__What needs to be done__
Everything in the listing below has to be repeated exactly, except the pictures.

__Recorded information__
-- Opening Marker --
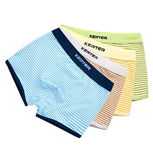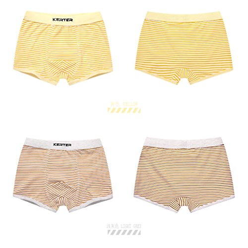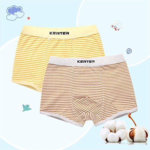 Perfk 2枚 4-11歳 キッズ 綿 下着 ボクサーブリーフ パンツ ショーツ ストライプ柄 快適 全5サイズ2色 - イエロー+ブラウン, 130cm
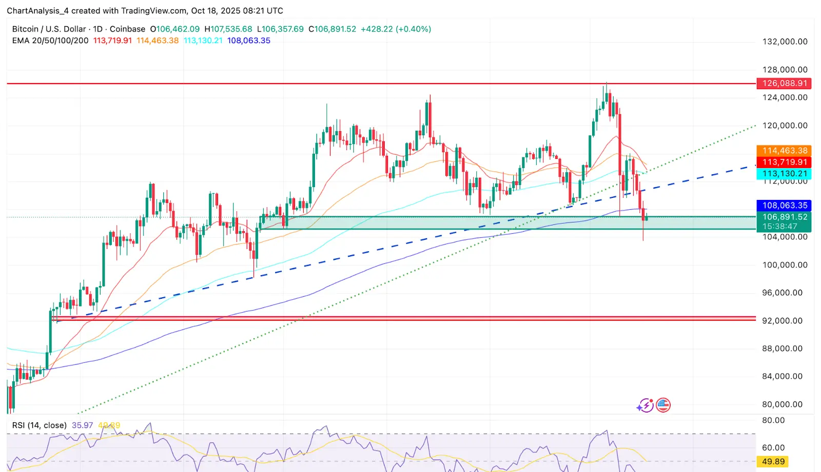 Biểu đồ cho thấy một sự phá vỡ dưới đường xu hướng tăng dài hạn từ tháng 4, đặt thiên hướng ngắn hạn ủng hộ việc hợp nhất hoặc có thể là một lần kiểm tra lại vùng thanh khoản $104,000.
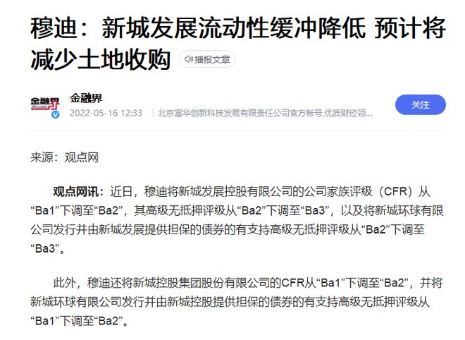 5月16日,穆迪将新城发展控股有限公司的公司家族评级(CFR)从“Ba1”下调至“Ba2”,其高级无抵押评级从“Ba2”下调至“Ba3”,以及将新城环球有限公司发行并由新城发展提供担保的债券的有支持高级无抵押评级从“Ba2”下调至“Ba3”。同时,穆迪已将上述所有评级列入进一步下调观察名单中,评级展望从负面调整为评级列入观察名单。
-- Closing Marker --
__Response to this exercise__
 Perfk 2枚 4-11歳 キッズ 綿 下着 ボクサーブリーフ パンツ ショーツ ストライプ柄 快適 全5サイズ2色 - イエロー+ブラウン, 130cm
 Biểu đồ cho thấy một sự phá vỡ dưới đường xu hướng tăng dài hạn từ tháng 4, đặt thiên hướng ngắn hạn ủng hộ việc hợp nhất hoặc có thể là một lần kiểm tra lại vùng thanh khoản $104,000.
 5月16日,穆迪将新城发展控股有限公司的公司家族评级(CFR)从“Ba1”下调至“Ba2”,其高级无抵押评级从“Ba2”下调至“Ba3”,以及将新城环球有限公司发行并由新城发展提供担保的债券的有支持高级无抵押评级从“Ba2”下调至“Ba3”。同时,穆迪已将上述所有评级列入进一步下调观察名单中,评级展望从负面调整为评级列入观察名单。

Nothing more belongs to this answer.